» **Available data**:
* * * * *
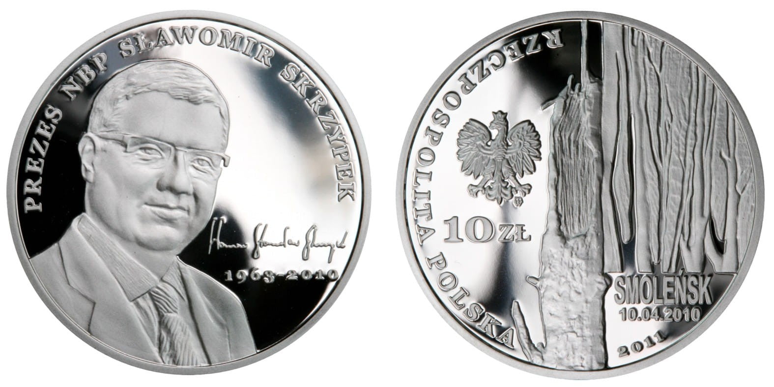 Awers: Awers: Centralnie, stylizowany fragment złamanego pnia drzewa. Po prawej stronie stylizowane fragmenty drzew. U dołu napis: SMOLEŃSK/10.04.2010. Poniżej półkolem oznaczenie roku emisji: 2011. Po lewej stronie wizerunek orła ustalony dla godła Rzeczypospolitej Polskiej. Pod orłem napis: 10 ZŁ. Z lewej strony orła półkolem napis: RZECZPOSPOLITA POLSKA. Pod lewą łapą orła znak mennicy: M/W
* * * * *
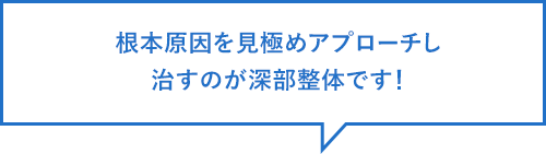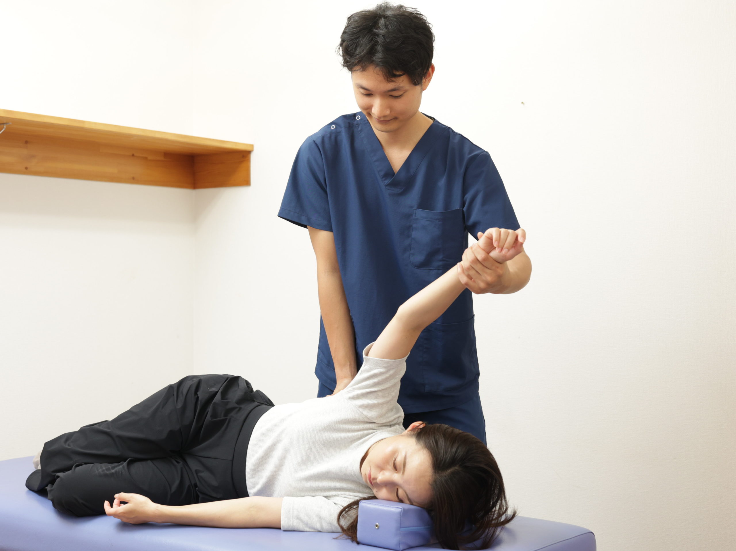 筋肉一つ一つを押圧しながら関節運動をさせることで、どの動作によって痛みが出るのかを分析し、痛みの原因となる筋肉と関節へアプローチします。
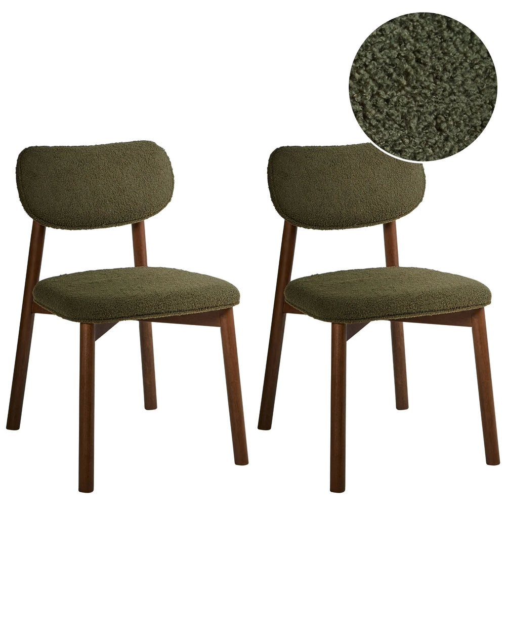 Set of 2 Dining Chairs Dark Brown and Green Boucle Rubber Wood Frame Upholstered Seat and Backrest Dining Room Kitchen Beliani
* * * * *
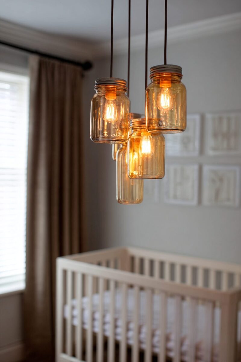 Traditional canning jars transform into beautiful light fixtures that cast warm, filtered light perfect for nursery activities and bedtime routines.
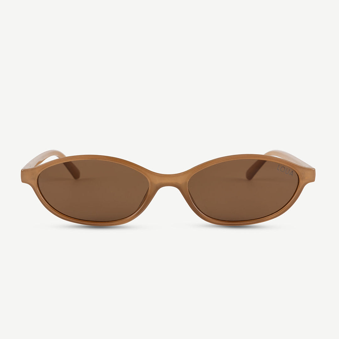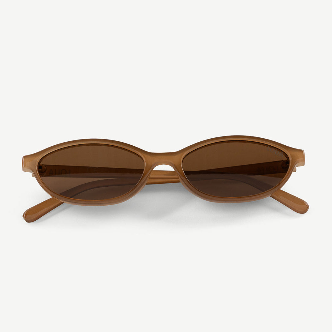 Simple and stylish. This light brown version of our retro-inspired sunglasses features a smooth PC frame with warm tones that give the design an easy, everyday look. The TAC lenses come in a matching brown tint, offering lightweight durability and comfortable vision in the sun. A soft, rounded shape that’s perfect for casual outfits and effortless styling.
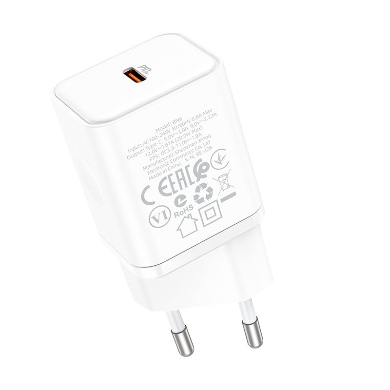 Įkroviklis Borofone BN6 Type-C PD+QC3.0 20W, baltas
* * * * *
» **Assignment**:
Only one stretch of the entries above is needed: the lines from the one containing "筋肉一つ一つを押圧しながら関" through the one containing "Set of 2 Dining". Copy it exactly, without the pictures.

» **Expected answer**:
 筋肉一つ一つを押圧しながら関節運動をさせることで、どの動作によって痛みが出るのかを分析し、痛みの原因となる筋肉と関節へアプローチします。
 Set of 2 Dining Chairs Dark Brown and Green Boucle Rubber Wood Frame Upholstered Seat and Backrest Dining Room Kitchen Beliani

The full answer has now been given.